Jane Coop’s literary plane swung between a three-penny weekly entitled “Real Stories from High Life” and Ouida’s novels, which latter she had bought second-hand in the Charing Cross Road and kept sandwiched between her Bible and “Grandmother’s Herb Recipes.”

“But I don’t want to go. I hate crowds, and I can’t take Wellington. Every native flies from him since he got behind the Musical Colossus and growled. You remember? They thought it was the statue speaking, and the dear old darling was only trying to catch a lizard.”
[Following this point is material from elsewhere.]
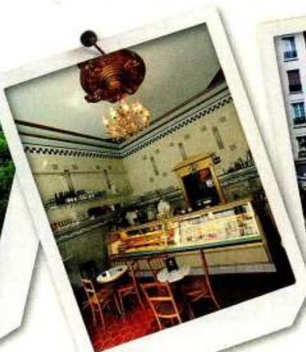
KÖLN Frühstücks-Location: Salon Schmitz
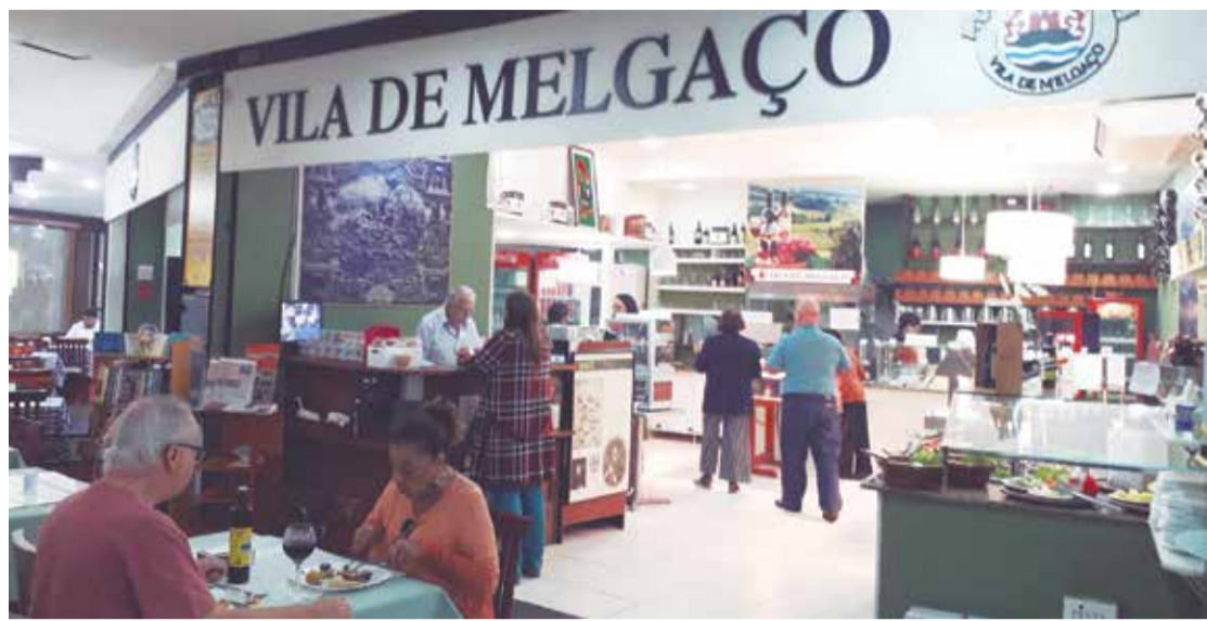
Visual da Belíssimas instalações do lindo Restaurante Vila de Melgaço, no Niterói Shopping

Excepcional comida portuguesa Apresenta diversos pratos típicos portugueses, mas também tem op-

The bulldog loathed Egypt.

He was always either in disgrace or being talked to in baby language. He had seen next to nothing of his beloved mistress, and his digestion had been almost ruined by the amount of chocolates he had eaten out of pure boredom.
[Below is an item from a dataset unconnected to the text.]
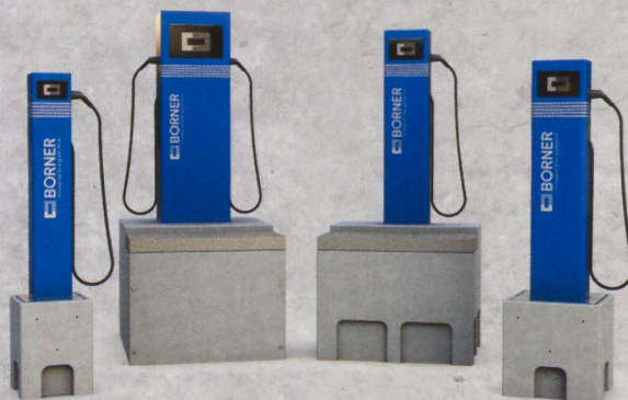
E-Mobilität ENERGY CUBE
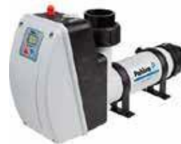
PAHLEN AQUA HL 6 kW:n LÄMMÖNPITOJÄRJESTELMÄ 660 €

“Take me,” he said, every time his beloved went out, as plainly as could be by means of his beautiful face and down-cast tail. But excursions had grown rarer and rarer and his slender middle more and more defined through grief.

“My heart isn’t breaking, Janie!” Damaris declared, sitting up in bed.

“I know it isn’t, dearie. There’s nothing to break it over, I’m sure. I was just repeating from ‘Her Scarlet Sin’, where the beautiful heroine is torn between two stools as it were.”

Jane Coop had no use for knights who left the field of combat; and as for the tales which were duly carried to her of an Arabian chief who followed her young mistress in the desert and sent her bunches of flowers and such-like trash, well! it was all you could expect if you left your own country for heathen parts!

To Jane Coop, rides in the desert in Egypt were just as much a part of the day’s programme as rides on donkeys at holiday-time had been in Margate, before interfering people began to make a fuss about the rider’s weight.

“You mind your own hedges, Maria Hobson, and see that your own cattle don’t go a-straying, with their monkey tricks,” she had said tartly and not over-lucidly, to her grace’s maid, who had heard from someone who had heard from someone else that Miss Hethencourt was out at all hours of the night, here, there and everywhere. “I know what time she comes in and where she has been, and who with, and that’s quite enough for me. Thank you, I can shepherd my own flock!”

She was not exactly within the confines of truth in her statement, but having learned in her youth to diagnose the hurt of dumb animals, she felt she was fully qualified to treat her beloved child’s unrest without any verbal aid from outsiders.

Yet something, a warning from the future, maybe, had prompted her to speak this night as she stood beside the bed, looking down upon the beauty of the child to whom she seemed, more than anyone else, to stand in the position of sponsor.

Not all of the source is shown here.